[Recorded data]

# # #

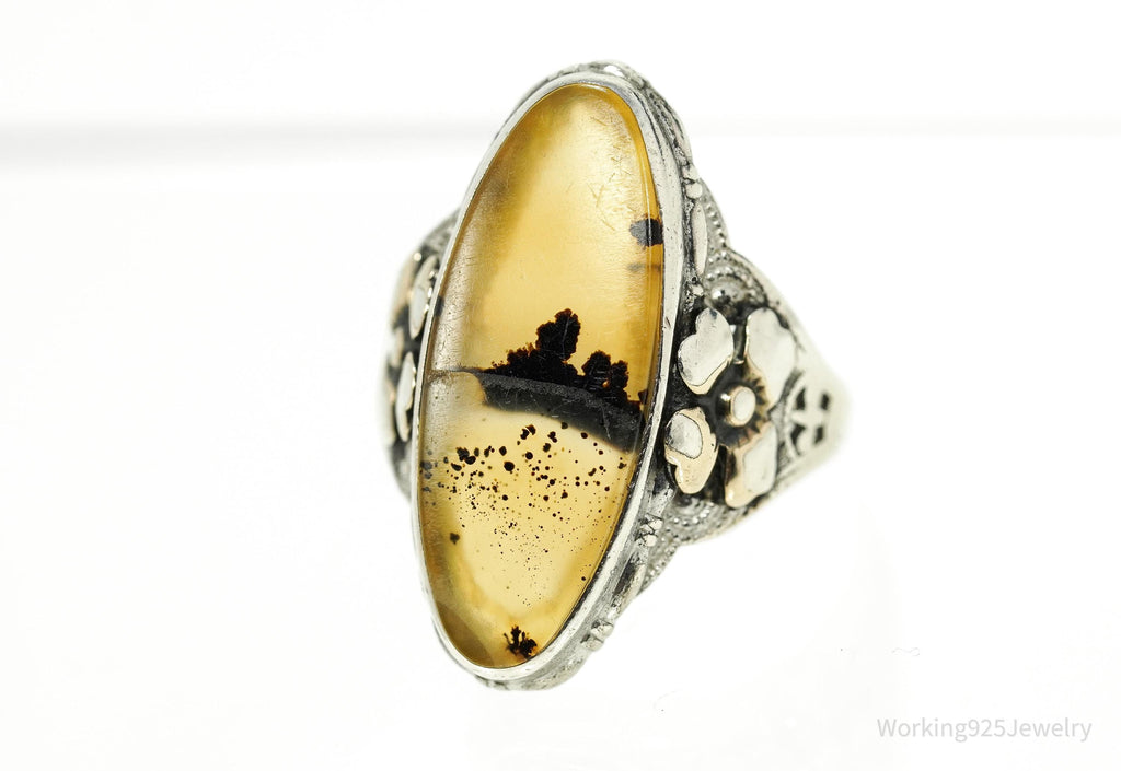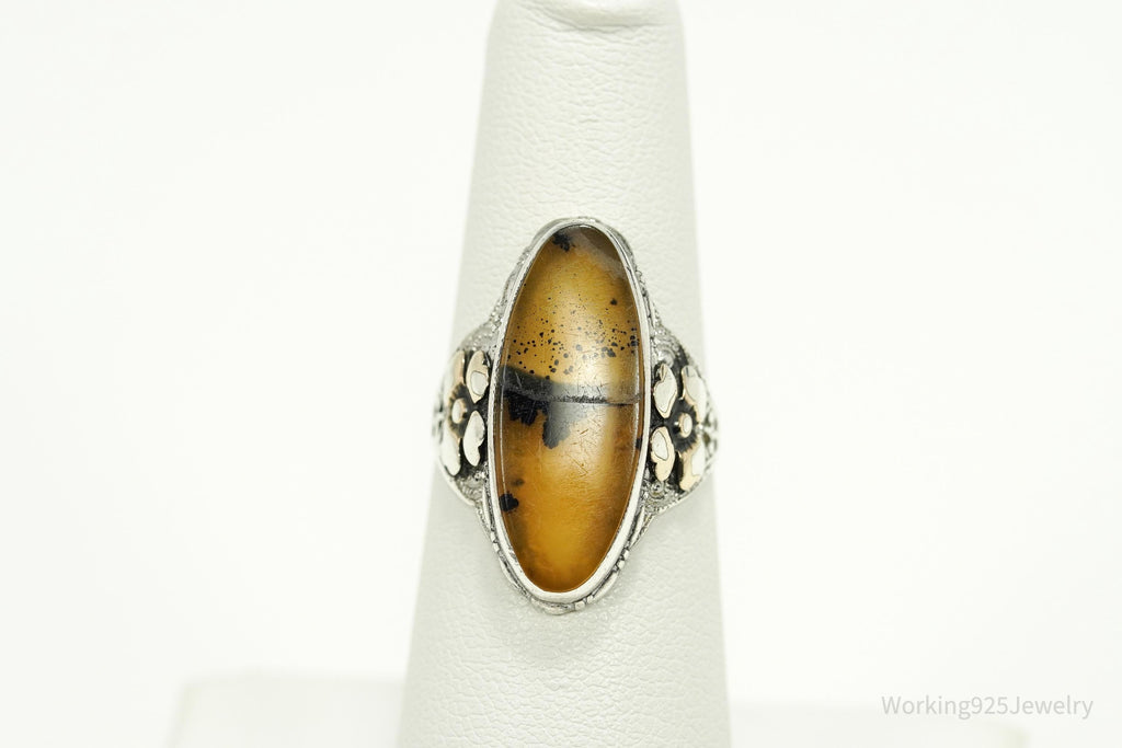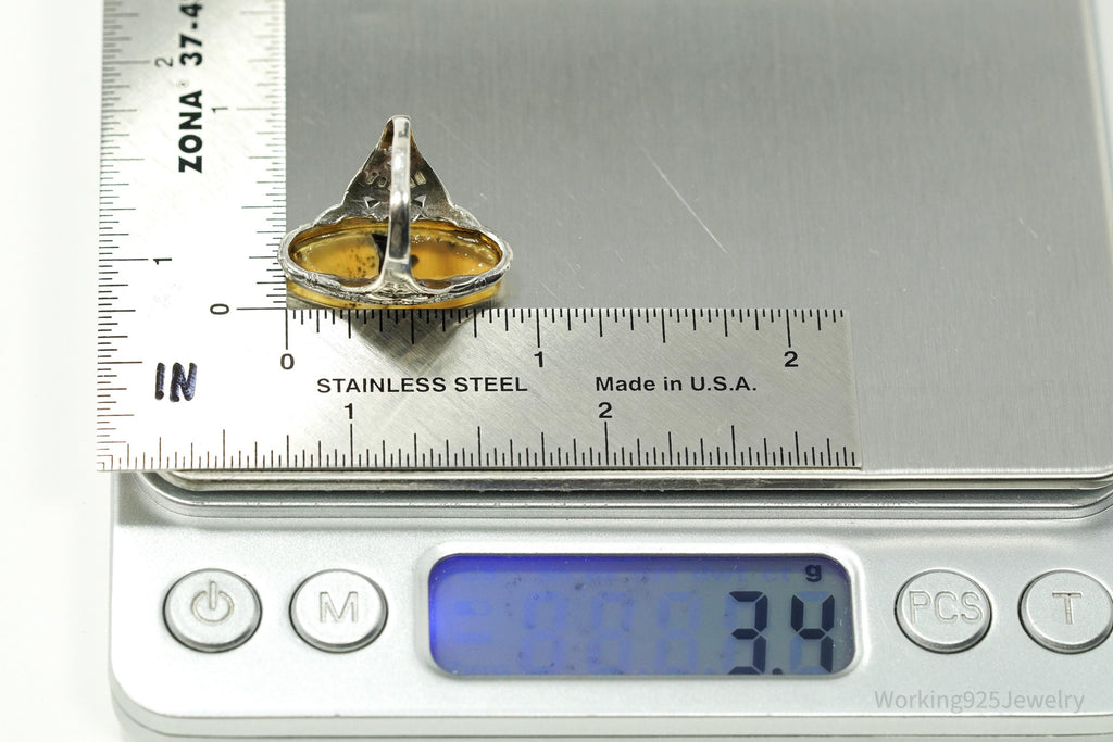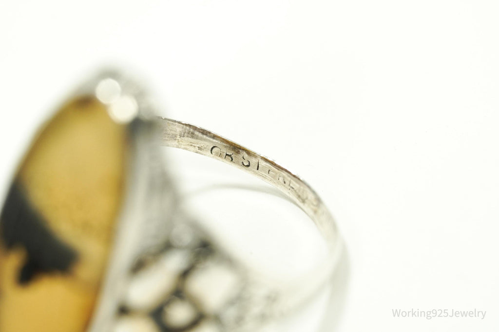 Antique Edwardian Ostby & Barton Agate Sterling Silver Ornate Ring Size 6.25
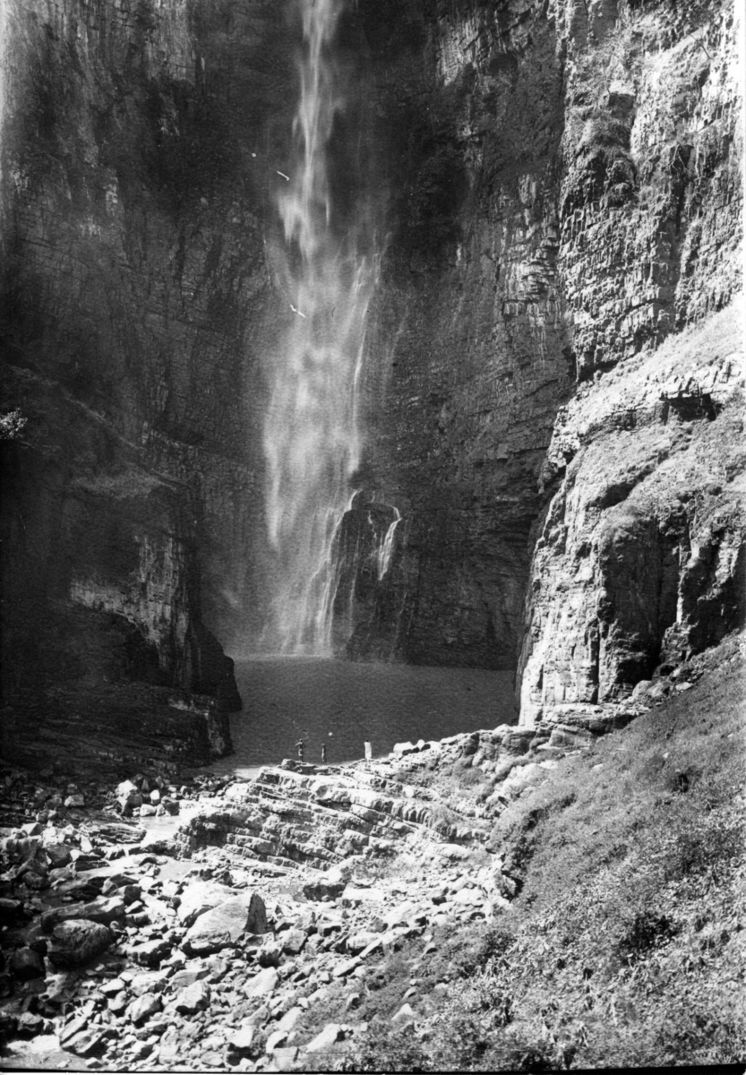 'Diverse fotografier från bl.a. dåvarande Nordrhodesia, nu Zambia, tagna av Konsul Magnus Leijer. :: :: Vy över vattenfall med klippor i förgrunden, Vid vattnet står tre människor fotograferade från avstånd.'
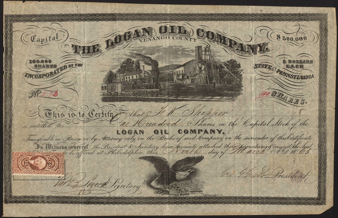 USA: Logan Oil Company, $5 shares, 18[65], #293, steam train passes oil well and buildings, black, adhesive revenue stamp, rather crude printing. Wells in Venango County, Pennsylvania. Bottom right corner chipped, AVF.
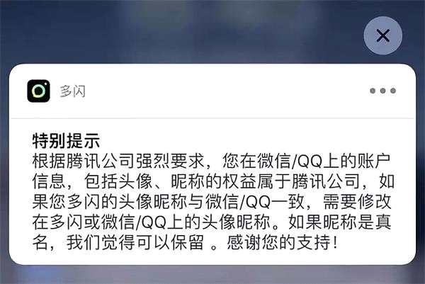 昨天下午,多閃APP向用戶發(fā)送彈窗消息稱:由于騰訊方面的要求,希望用戶修改在多閃或者微信上的賬戶頭像與昵稱。
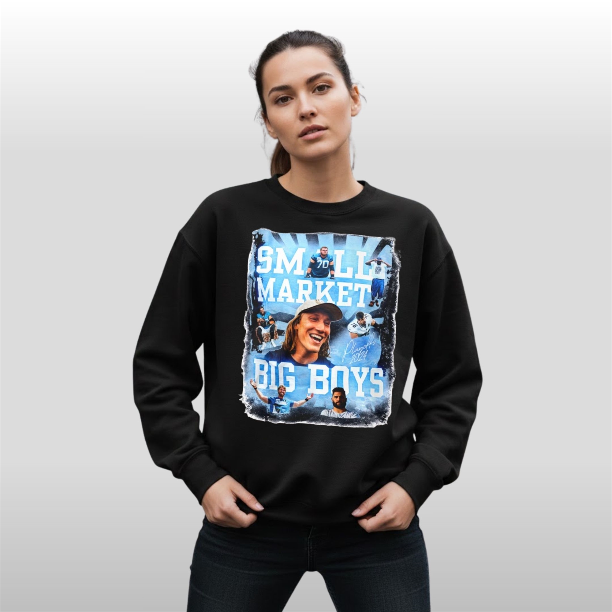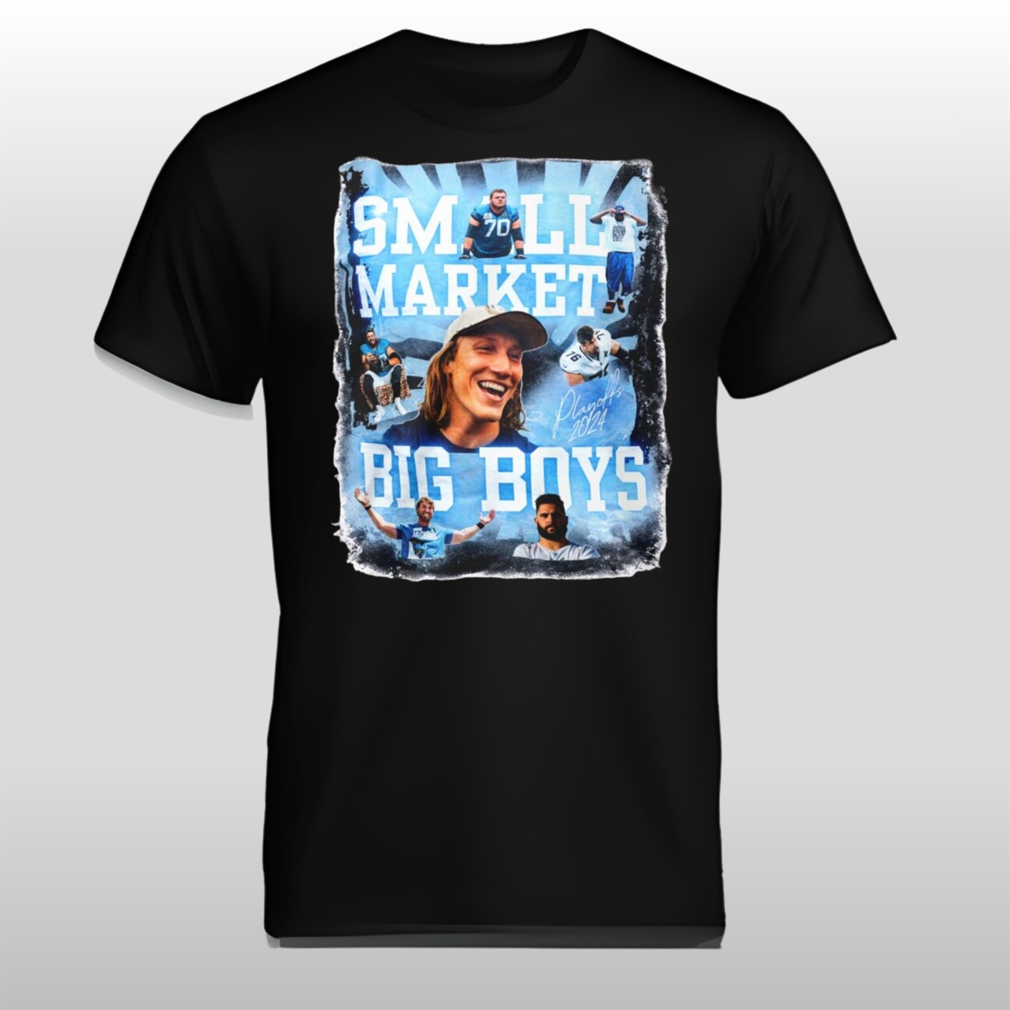 The “Small Market Big Boys” concept has quickly become a fan favorite, trending among the Jacksonville faithful for its authentic, underdog-turned-contender vibe. This garment combines iconic team imagery with a bold, “Heritage-meets-Hype” look—pairing classic teal and black tones with gritty, high-contrast typography. It’s a durable piece of fan history that celebrates the current golden era of Jacksonville football.

# # #

Goal of the exercise - Copy out every entry exactly as written, but not the pictures.

Solved problem -
 Antique Edwardian Ostby & Barton Agate Sterling Silver Ornate Ring Size 6.25
 'Diverse fotografier från bl.a. dåvarande Nordrhodesia, nu Zambia, tagna av Konsul Magnus Leijer. :: :: Vy över vattenfall med klippor i förgrunden, Vid vattnet står tre människor fotograferade från avstånd.'
 USA: Logan Oil Company, $5 shares, 18[65], #293, steam train passes oil well and buildings, black, adhesive revenue stamp, rather crude printing. Wells in Venango County, Pennsylvania. Bottom right corner chipped, AVF.
 昨天下午,多閃APP向用戶發(fā)送彈窗消息稱:由于騰訊方面的要求,希望用戶修改在多閃或者微信上的賬戶頭像與昵稱。
 The “Small Market Big Boys” concept has quickly become a fan favorite, trending among the Jacksonville faithful for its authentic, underdog-turned-contender vibe. This garment combines iconic team imagery with a bold, “Heritage-meets-Hype” look—pairing classic teal and black tones with gritty, high-contrast typography. It’s a durable piece of fan history that celebrates the current golden era of Jacksonville football.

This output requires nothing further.